Task. From the entries below, reproduce exactly the lines from the one with "Relax, студия массажа" through the one with "Dimmable Industrial Floor", both included, without images.
Segment Start: Exercise materials
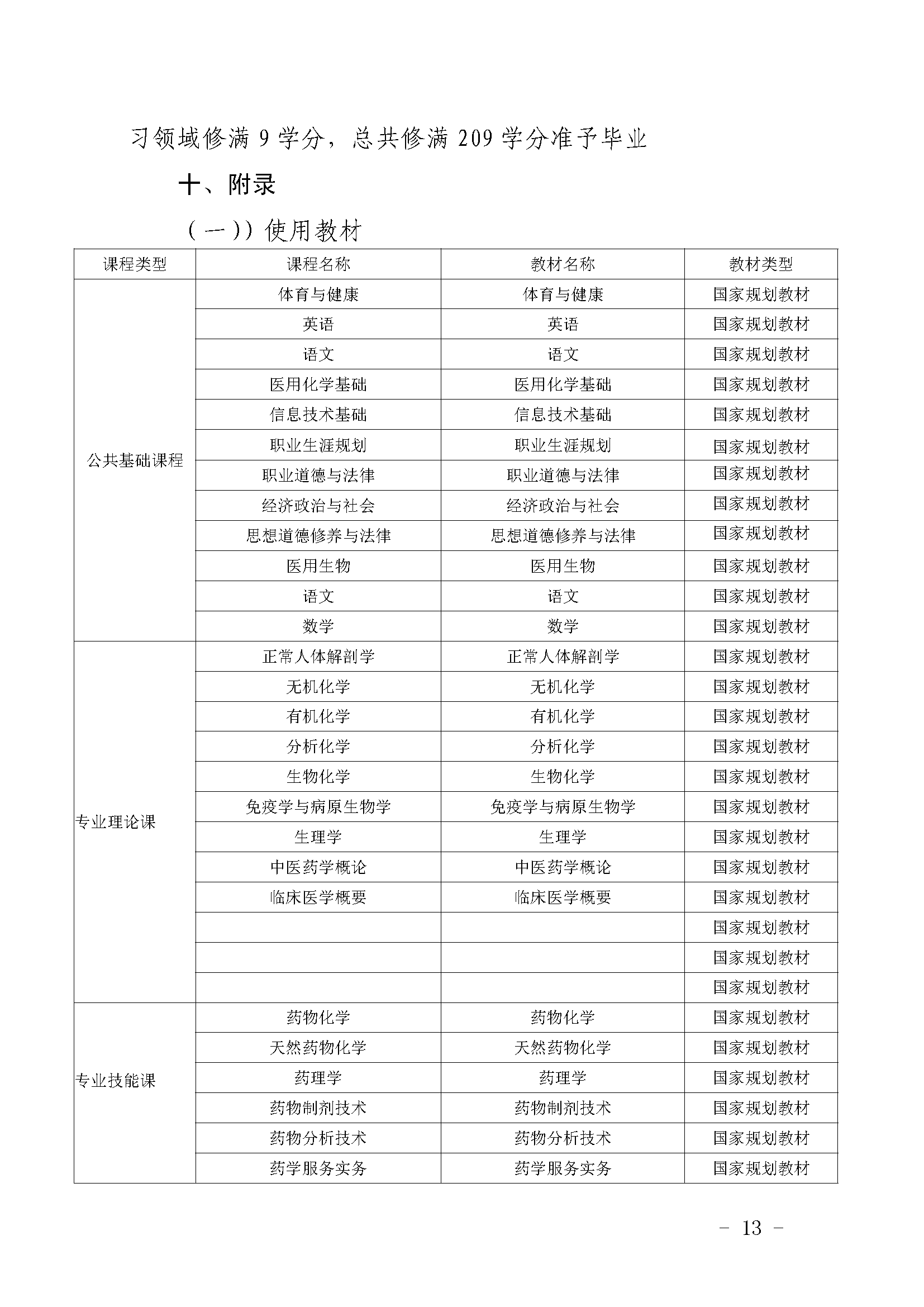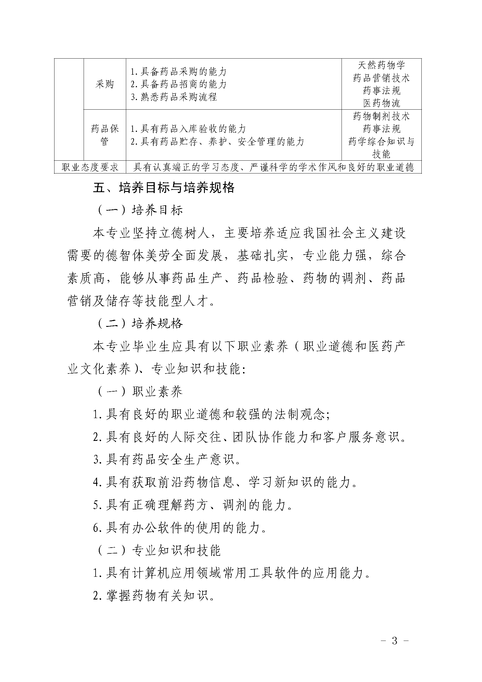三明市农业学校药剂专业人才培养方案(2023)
Segment End: Exercise materials
Segment Start: Exercise materials
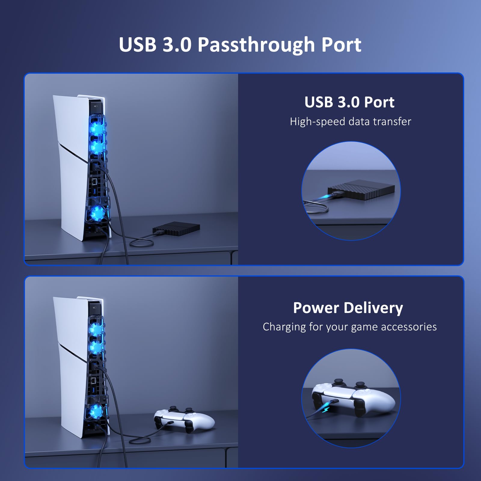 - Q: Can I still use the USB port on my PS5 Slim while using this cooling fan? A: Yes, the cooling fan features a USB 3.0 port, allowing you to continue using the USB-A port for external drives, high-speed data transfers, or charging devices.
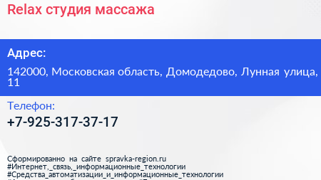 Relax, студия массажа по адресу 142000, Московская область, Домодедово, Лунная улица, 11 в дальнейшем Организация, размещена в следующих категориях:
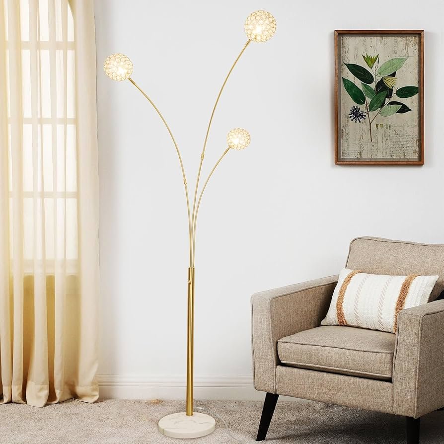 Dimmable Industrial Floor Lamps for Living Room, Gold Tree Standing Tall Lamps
Segment End: Exercise materials
Solved problem.
 Relax, студия массажа по адресу 142000, Московская область, Домодедово, Лунная улица, 11 в дальнейшем Организация, размещена в следующих категориях:
 Dimmable Industrial Floor Lamps for Living Room, Gold Tree Standing Tall Lamps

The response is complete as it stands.